Just a couple of years ago when I was a sophomore in high school, I found myself shoehorned in the back of an SUV, riding home with a bunch of kids after a tennis tournament.  Top 40 radio ticked off the miles for us when all of a sudden a song from the speakers sounded different from all the previous bubblegum pop.  Suddenly I gave an unnecessarily loud shout to everyone else in the vehicle, because I recognized that yelling was an optimum means of being quickly heard: “What song is this?  Who’s singing?”  No one offered an answer until the tennis coach, driving, responded, “Oh, that’s Bruce Springsteen.  It’s a new song from him.”  Thus began my decades long fandom with the Boss, although not five seconds into my brumance was my reverie broken by a coed in the car sneering, “He’s so old.”  I’ve heard that same sentiment registered a couple times since then, sister; Bruce isn’t getting any younger, but then again neither are we.

Next to the Spring of my senior year.  I finally had the chance to buy my first Springsteen album on the day it was to be released.  Never mind that it was 1995’s Greatest Hits, since any fan can tell you that appended to the end of that set were a clutch of newly recorded tracks with the sadly disbanded but miraculously reconvened E Street Band.  Terrified that the Sam Goody at the Esplanade Mall in suburban New Orleans would instantly sell out of new Bruce, but elated that the release day coincided with spring break, I paced outside the music store for a half an hour that Tuesday morning until the steel awning yawned open at 10:00am.  Slightly discombobulated by the marked lack of any stampede, I nevertheless tore to the front counter and breathlessly asked, “Do you have any copies left of Bruce Springsteen’s Greatest Hits?”  My earnestness was countered with a dyspeptic squint as the clerk pawed in the direction of a nearby rack.  “I hate Bruce Springsteen,” he mumbled.  Hurt, I’d recollected myself by the time I returned to checkout, and with all the seriousness of “Badlands,” I intoned, “I’m going to buy this Bruce album, and you’re going to take my money, by which transaction you’ll know that your salary is being paid by a musician you despise.”  I allowed  myself a chortle before I concluded the homily: “It’s like you’re in a Springsteen song and you don’t even know it!”  Satisfied that I’d set this feckless clerk on a lifelong trajectory of moral improvement, I nevertheless chafed as a sauntered out of Sam Goody that morning.  “How could a worker in a record store hate Bruce?” I wondered silently, before narrowing my mind’s eye and ruing, “This would never happen in New Jersey.”  Everybody in New Jersey loves Bruce Springsteen.

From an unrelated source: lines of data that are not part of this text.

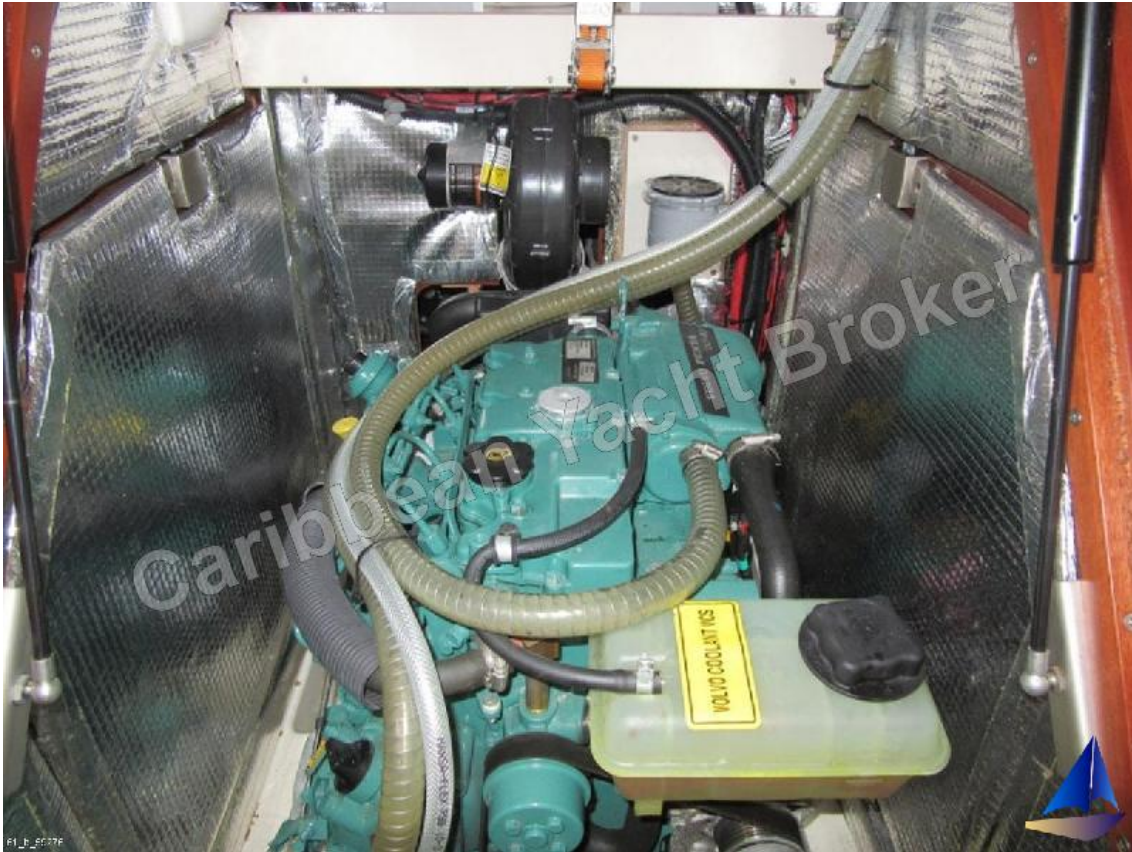
Layout / Hanse 415 - 2015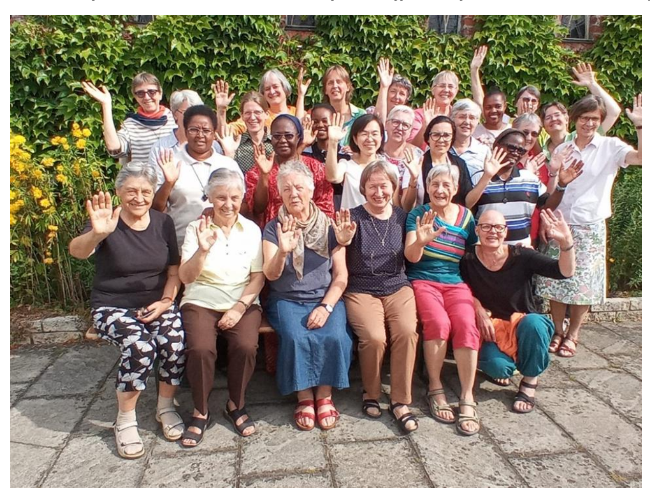
Dear Sisters, Dear Members of the Weggemeinschaft,

Christ set us free, so that we should remain free – different lifeworlds, one community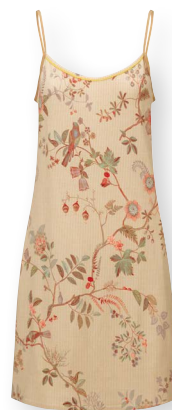
DIEZEL Sleeveless Nightdress Amor de Dios Sand 95% Viscose | 5% Elastane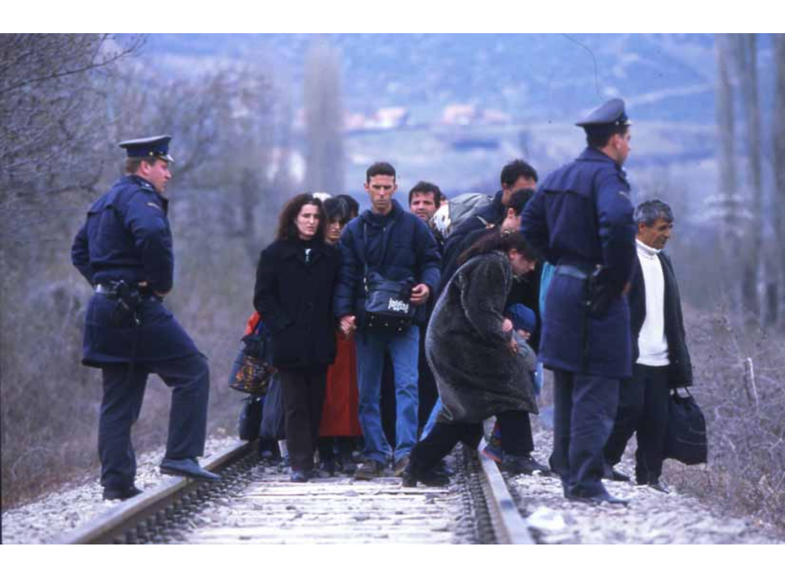
Chapter 10 The principle of non-discrimination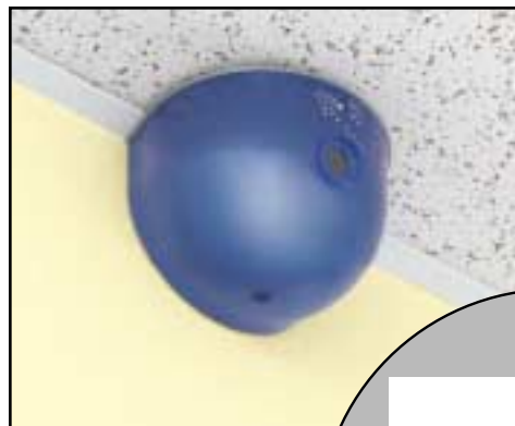
SW99-2033 — perfect for rooms or long hallways, or any view requiring a single lens

True Blue Beacon —You'll deter would-be perpetrators while reassuring employees and guests. The "true blue" LED, says Spyder is recording for you.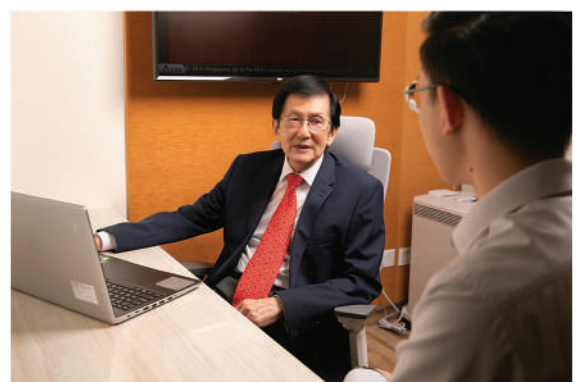
Consultations With Qualified & Experienced Cancer Specialists (Medical Oncology & Haematology)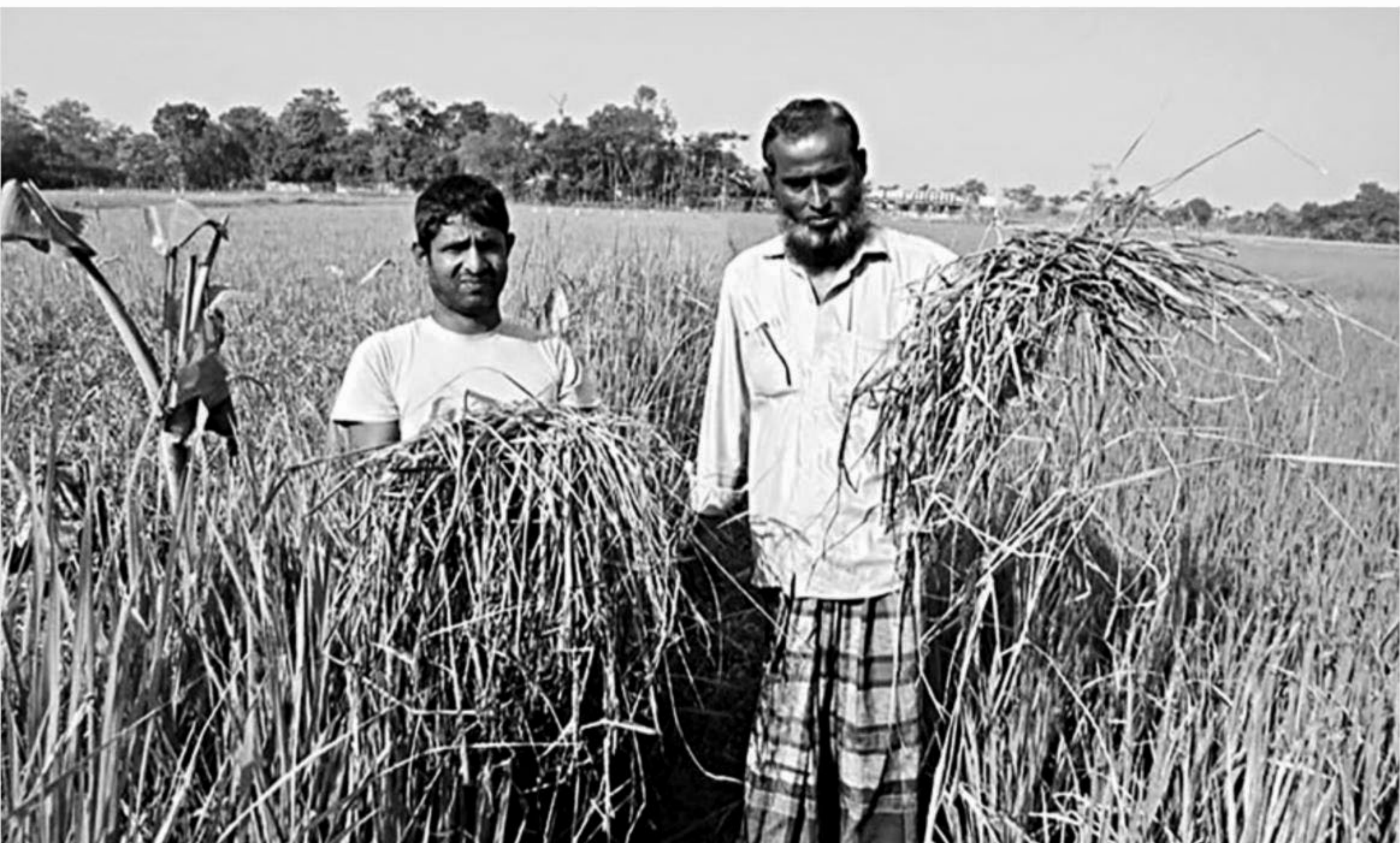
Worried farmers hold paddy destroyed by rats in Islampur union under Sadar upazila in Sunamganj Haor area.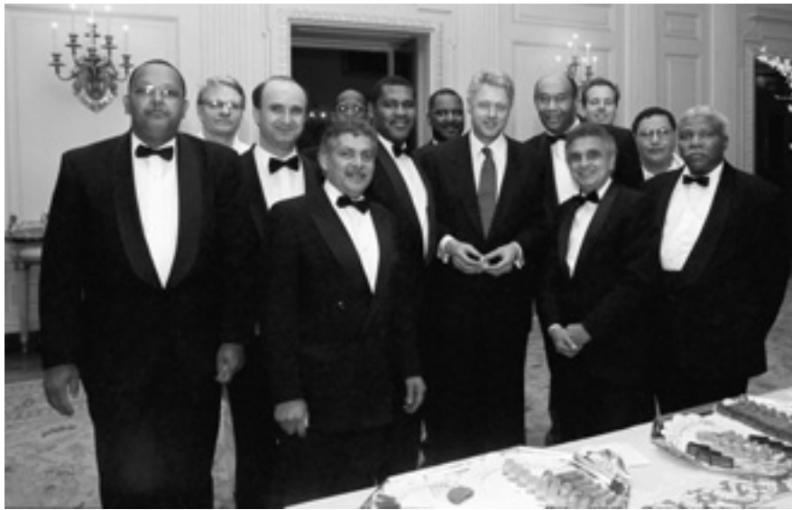
With the White House residence butlers and staff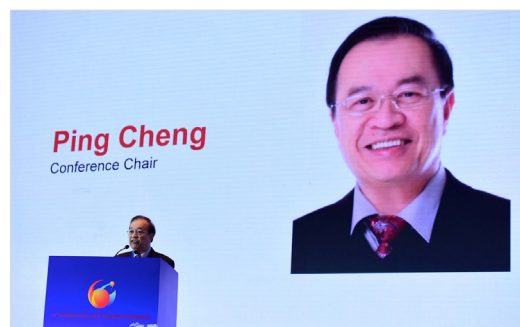
Fig. 2. Prof. Ping Cheng's lecture in the Opening Ceremony

More than 1800 abstracts were initially submitted to the conference and were reviewed by the members of the Assembly of International Heat Transfer Conferences (AIHTC). The full-length manuscripts were then reviewed by peer reviewers assigned by the members of AIHTC. The statistics for the abstract submissions and acceptances and the paper submissions and acceptances are shown in Fig. 3 for the various regions. The final manuscripts accepted by the reviewers are all now included in the Begell House International Heat Transfer Conference Digital Library. The conference included sessions devoted to Boiling and Evaporation, Nano and Microscale Transport, Computational Methods and Simulation, Heat Transfer Enhancement, Conduction and Inverse Problems, Convection, Condensation, Thermophysical Properties Measurement, New Energy and Efficiency, Electrochemical Systems, Multiphase Flow, Bio and Medical Applications, Manufacturing/Magnetohydrodynamic (MHD) and Plasma, Heat Exchangers, Energy Conversion and Storage, Porous Media, Cooling and Thermal Management, Radiation and Thermal Insulation, Mass Transfer, Combustion and Thermochemistry, Molecular, Photon, Phonon and Electron Transport, and Refrigeration and Cryogenics.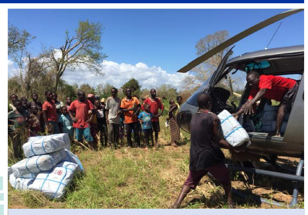
IOM assisted with the distribution of 36 shelter kits to cyclone affected families in Tica, an isolated community in Nhamatanda.

On 02 April, IOM's health team completed assessments of the Ifapa site's resident population's health requirements. The IFP Inhamizua site's residents were also assessed for health needs. IOM will seek to support the Inhamizua Health Centre (MoH) to provide outreach services to the IFP displacement site.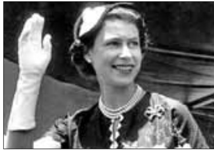
The Queen's first visit to New Zealand, 1954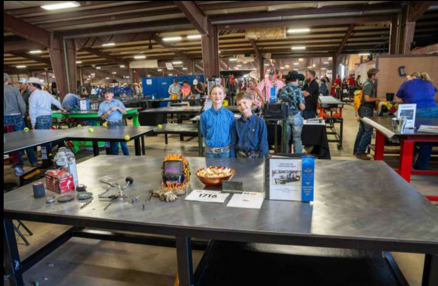
Class 201 – Basic Shop Tables & Benches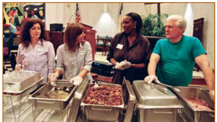
Generous volunteers serve up a delicious Easter luncheon.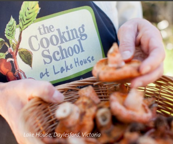
Lake House, Daylesford, Victoria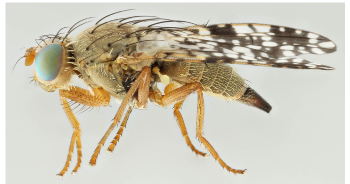
Female: lateral view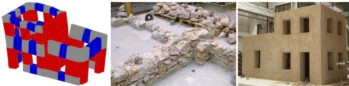
Figures: Test specimen and numerical models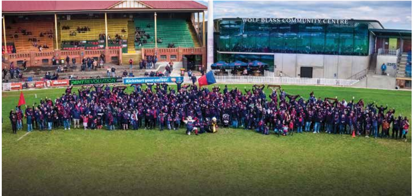
The Fortis in Procella Army gather on Norwood Oval after marching as one.

In season 2021 we welcomed a new partner to the Norwood Football Club in Apelle Pty Ltd who commenced a three year partnership as a Platinum sponsor alongside Coopers Brewery.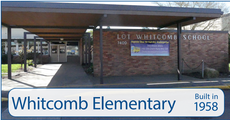
Whitcomb Elementary Built in 1958

If passed, Ballot Measure 3-487 would fund the following projects: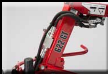
1.5 gallon hydraulic reservoir reduces maintenance costs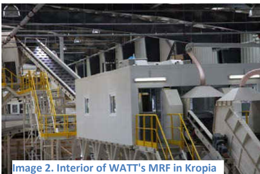
Image 2. Interior of WATT's MRF in Kropia

The website is the main dissemination tool providing available valuable and updated information and instructions. In the framework of the on-line project dissemination for facilitating the wider dissemination of the project results, the project website is included as a link in similar websites from other EU-funded projects: the EU-funded project "BIOFUELS-2G", http://www.biofuels2g.gr/ and the European commission webpage http://ec.europa.eu/ . In addition, a link to the project's website is provided through the project members' own websites: www.watt.com.gr , www.lignite.gr , www.pkm.gov.gr , www.eref-europe.org , www.certh.gr , http://iswm-tinos.uest.gr . It is highlighted that in order to facilitate the transferability of the results, the website will be operational for at least five (5) years after the project termination according to the Approved Application Form. Finally, for the wider promotion of project's work via the internet, research was conducted in order to examine the provided results related to the project in several search engines: Google, Bing, Yahoo, Ask, Wow, WebCrawler, MyWebSearch, Infospace, Info, DuckDuckGo, Blekko, Contenko, Dogpile, Alhea, and with specific keywords: the acronym of the project, words "waste management", "RDF / SRF classification", "RDF gasification of waste", "energy use non-recyclable materials",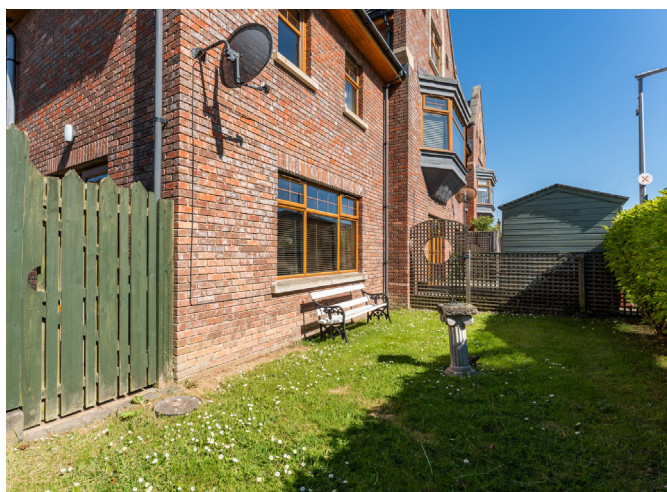
South facing garden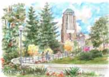
NC-1. Lurie Tower #1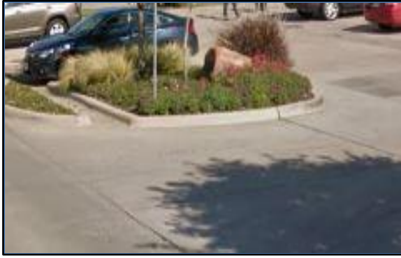
Corner 2 No Ramp (2z)

Enter Chris Christie, even if a particularly wide berth is required here.  Having lived Jersey for over a year now, I find that my out-of-state friends tend to assume that everybody (or at least a great majority) loves our good governor.  Once you pay the toll to get within state lines, however, you find a different reality.  Christie fandom often gives way to Christie fatigue, apparently.  So it is with Springsteen, and perhaps more so.  I’ll run across an occasional Bruce fan, but for each one of those, I meet 50 for whom Springsteen is at best nonthreatening but more likely deeply irritating.  Much like gridlock on a bridge, Bruce fatigue has gone systemic, and no new album of his can avoid the freighted largesse of his legend.

Tuesday, January 14 is the release date of Springsteen’s High Hopes, his 18th studio album, and I’ll be at Abbie Road in Audubon to pick it up that morning.  At least Bob, Abbie Road’s owner, will understand me.  But sadly, I don’t understand High Hopes.  It’s not a very good album.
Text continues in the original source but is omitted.